- What is needed
Output must consist only of the lines of the material below from the one with "08h00 ngày 19/11/2021, Trường" through the one with "Fig.5 XPS sulfur", each reproduced exactly; no pictures belong in it.

- Supplied data
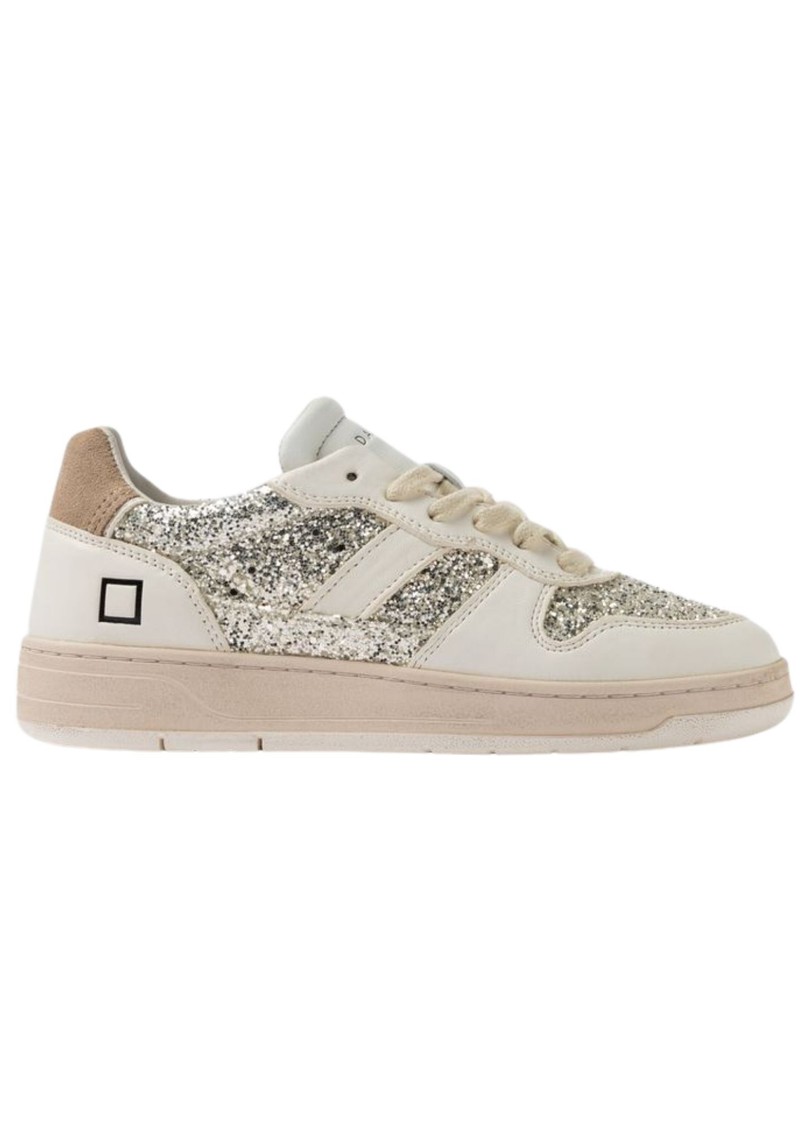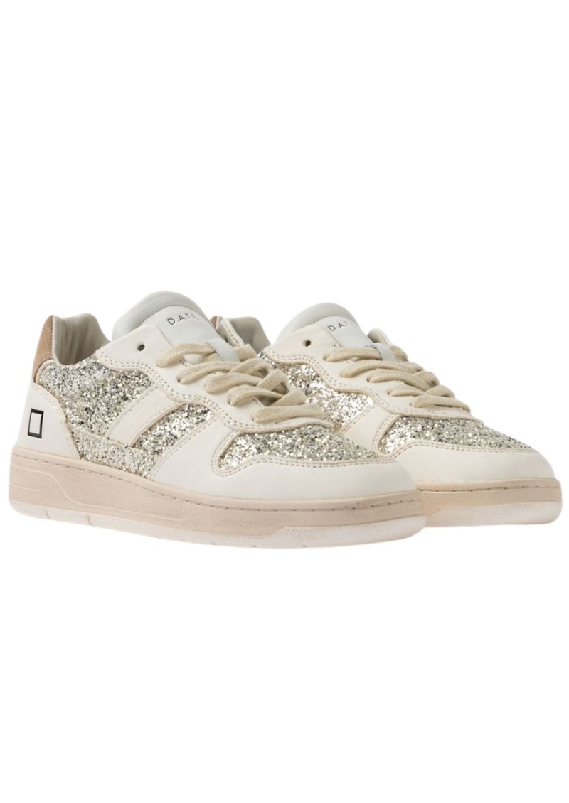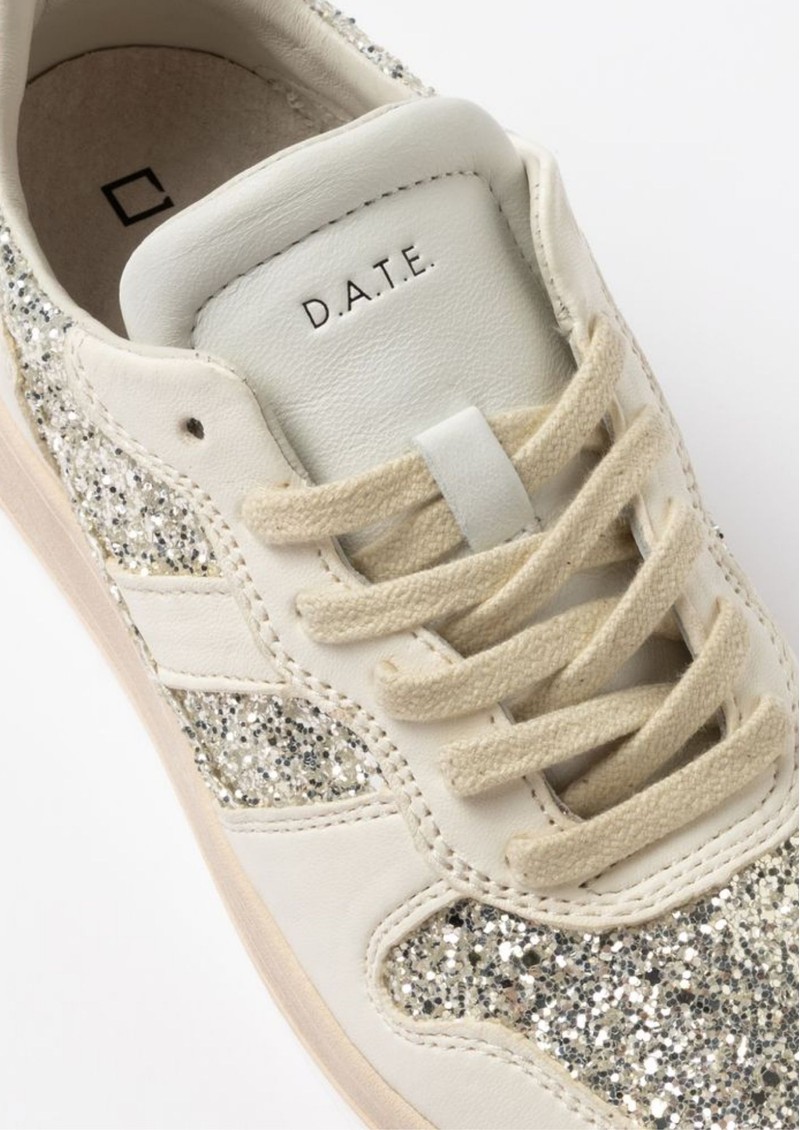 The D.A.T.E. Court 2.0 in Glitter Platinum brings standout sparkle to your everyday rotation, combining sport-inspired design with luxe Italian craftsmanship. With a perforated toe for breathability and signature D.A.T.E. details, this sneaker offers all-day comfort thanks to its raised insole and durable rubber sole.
==
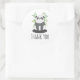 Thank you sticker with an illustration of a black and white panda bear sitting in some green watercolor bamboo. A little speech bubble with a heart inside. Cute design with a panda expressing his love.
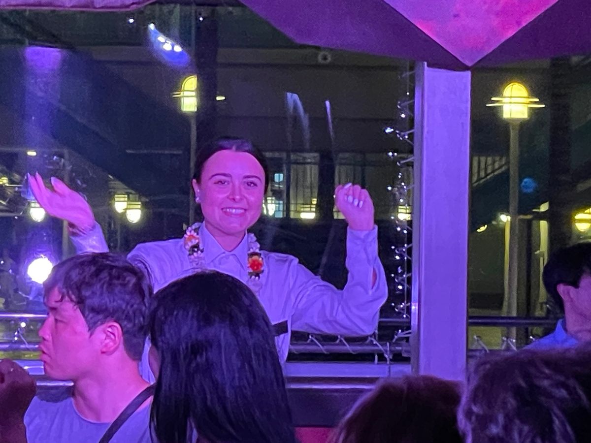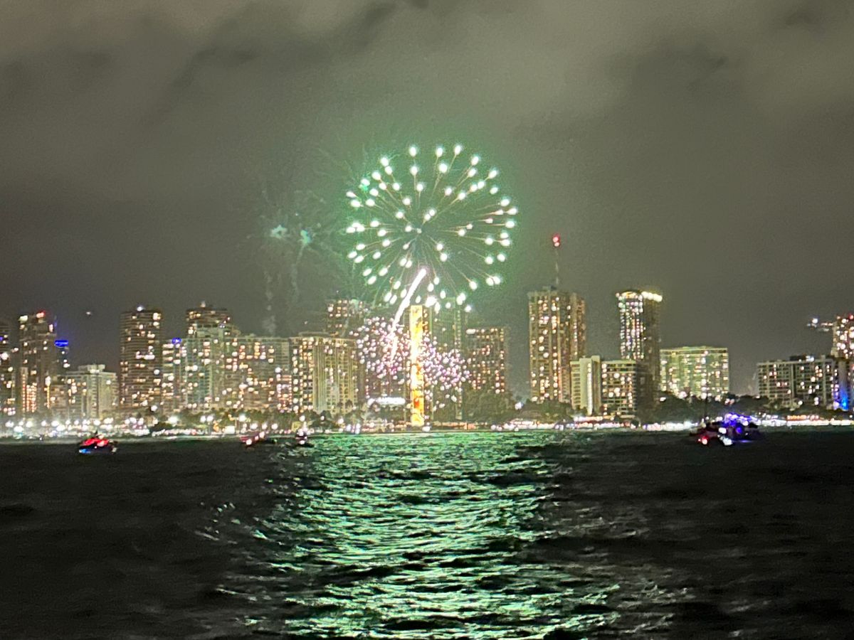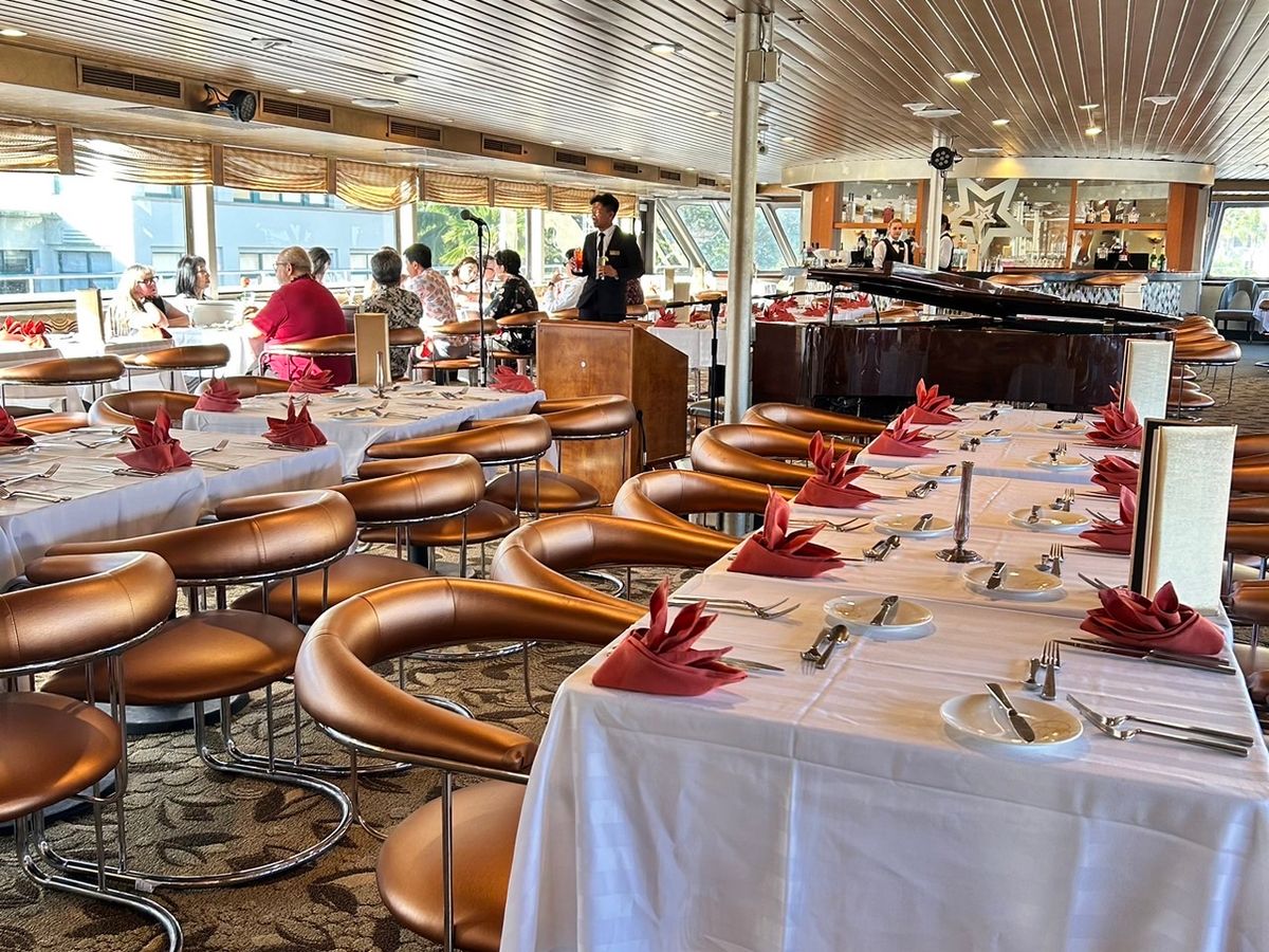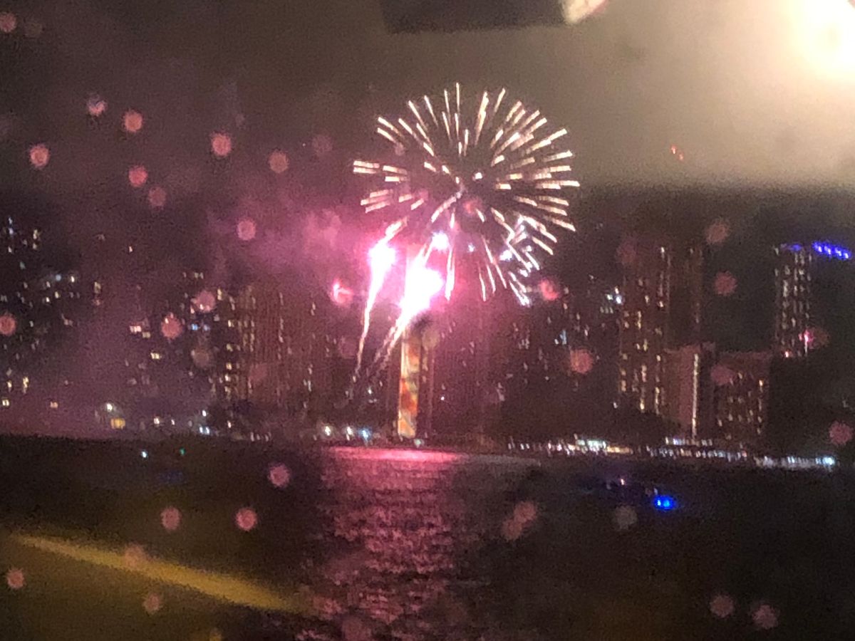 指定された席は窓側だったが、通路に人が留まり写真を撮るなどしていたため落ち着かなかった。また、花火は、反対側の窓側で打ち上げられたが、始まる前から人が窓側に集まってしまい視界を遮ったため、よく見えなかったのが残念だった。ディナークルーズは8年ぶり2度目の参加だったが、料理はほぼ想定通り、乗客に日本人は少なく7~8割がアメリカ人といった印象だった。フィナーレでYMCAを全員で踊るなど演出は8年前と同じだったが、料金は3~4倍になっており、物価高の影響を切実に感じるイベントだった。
...
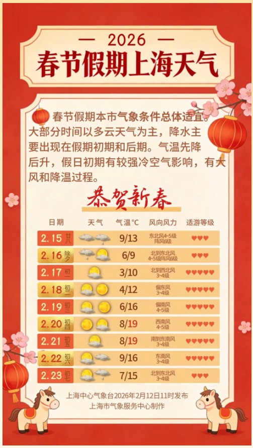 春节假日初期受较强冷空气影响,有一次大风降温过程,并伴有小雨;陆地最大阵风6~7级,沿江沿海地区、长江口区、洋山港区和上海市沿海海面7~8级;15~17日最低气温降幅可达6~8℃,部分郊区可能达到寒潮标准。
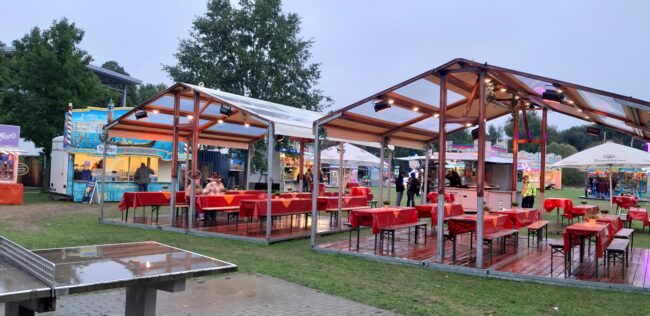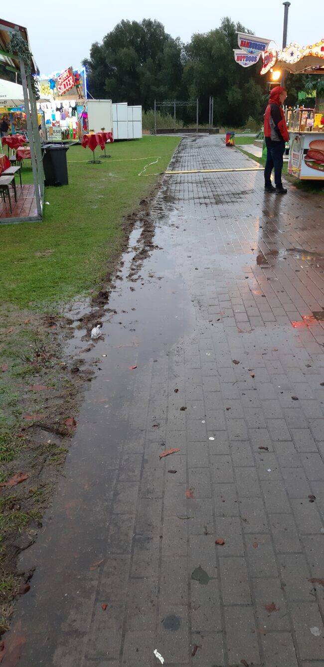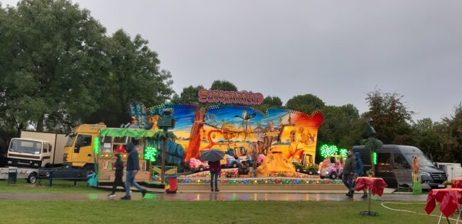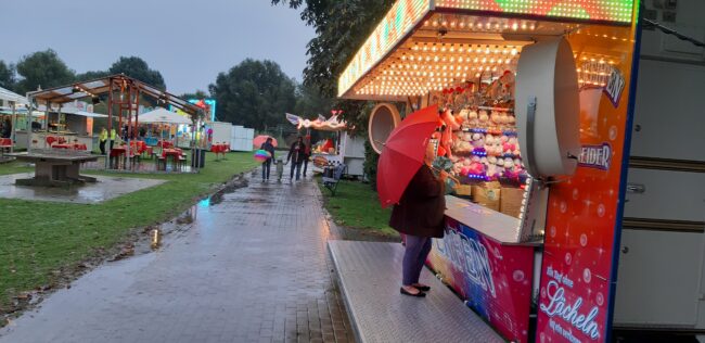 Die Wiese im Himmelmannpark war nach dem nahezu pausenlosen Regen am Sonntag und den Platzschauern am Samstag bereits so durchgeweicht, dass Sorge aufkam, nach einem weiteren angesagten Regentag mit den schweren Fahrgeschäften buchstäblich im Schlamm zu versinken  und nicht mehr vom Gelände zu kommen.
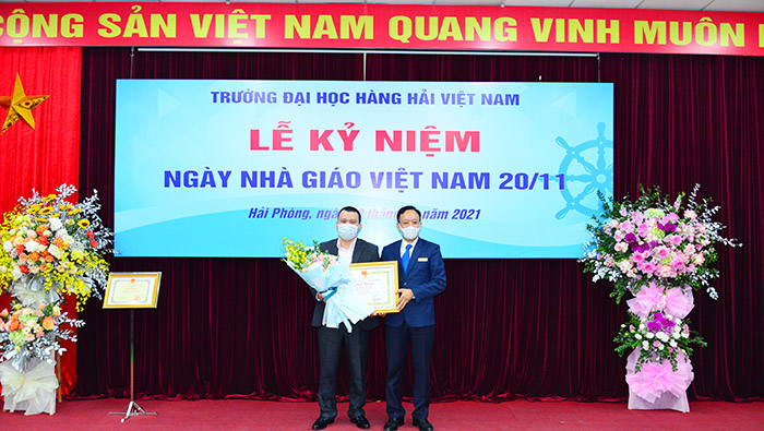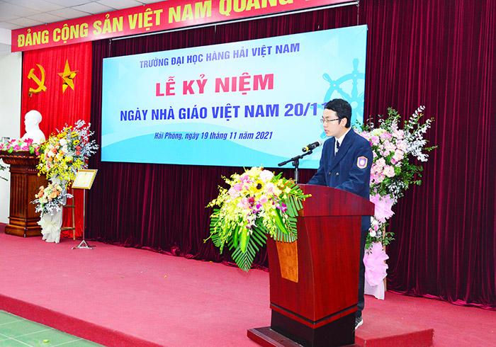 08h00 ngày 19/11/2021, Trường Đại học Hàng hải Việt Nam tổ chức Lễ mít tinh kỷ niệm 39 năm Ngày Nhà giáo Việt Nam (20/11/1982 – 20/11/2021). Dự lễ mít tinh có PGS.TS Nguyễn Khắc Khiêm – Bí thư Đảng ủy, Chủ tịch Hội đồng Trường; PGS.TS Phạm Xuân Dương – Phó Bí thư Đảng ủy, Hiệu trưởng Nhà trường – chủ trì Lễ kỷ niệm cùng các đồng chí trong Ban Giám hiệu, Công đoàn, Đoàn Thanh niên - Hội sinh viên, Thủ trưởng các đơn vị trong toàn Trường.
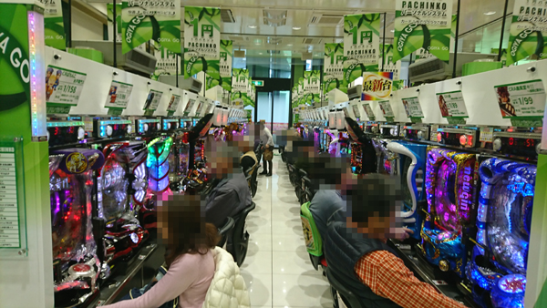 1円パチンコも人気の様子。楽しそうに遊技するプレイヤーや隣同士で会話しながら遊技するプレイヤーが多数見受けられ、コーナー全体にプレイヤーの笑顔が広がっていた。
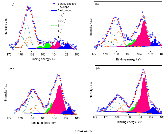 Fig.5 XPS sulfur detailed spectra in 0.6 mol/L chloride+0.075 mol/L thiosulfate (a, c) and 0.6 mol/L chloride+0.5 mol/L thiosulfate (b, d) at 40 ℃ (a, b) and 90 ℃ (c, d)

- Written solution
 08h00 ngày 19/11/2021, Trường Đại học Hàng hải Việt Nam tổ chức Lễ mít tinh kỷ niệm 39 năm Ngày Nhà giáo Việt Nam (20/11/1982 – 20/11/2021). Dự lễ mít tinh có PGS.TS Nguyễn Khắc Khiêm – Bí thư Đảng ủy, Chủ tịch Hội đồng Trường; PGS.TS Phạm Xuân Dương – Phó Bí thư Đảng ủy, Hiệu trưởng Nhà trường – chủ trì Lễ kỷ niệm cùng các đồng chí trong Ban Giám hiệu, Công đoàn, Đoàn Thanh niên - Hội sinh viên, Thủ trưởng các đơn vị trong toàn Trường.
 1円パチンコも人気の様子。楽しそうに遊技するプレイヤーや隣同士で会話しながら遊技するプレイヤーが多数見受けられ、コーナー全体にプレイヤーの笑顔が広がっていた。
 Fig.5 XPS sulfur detailed spectra in 0.6 mol/L chloride+0.075 mol/L thiosulfate (a, c) and 0.6 mol/L chloride+0.5 mol/L thiosulfate (b, d) at 40 ℃ (a, b) and 90 ℃ (c, d)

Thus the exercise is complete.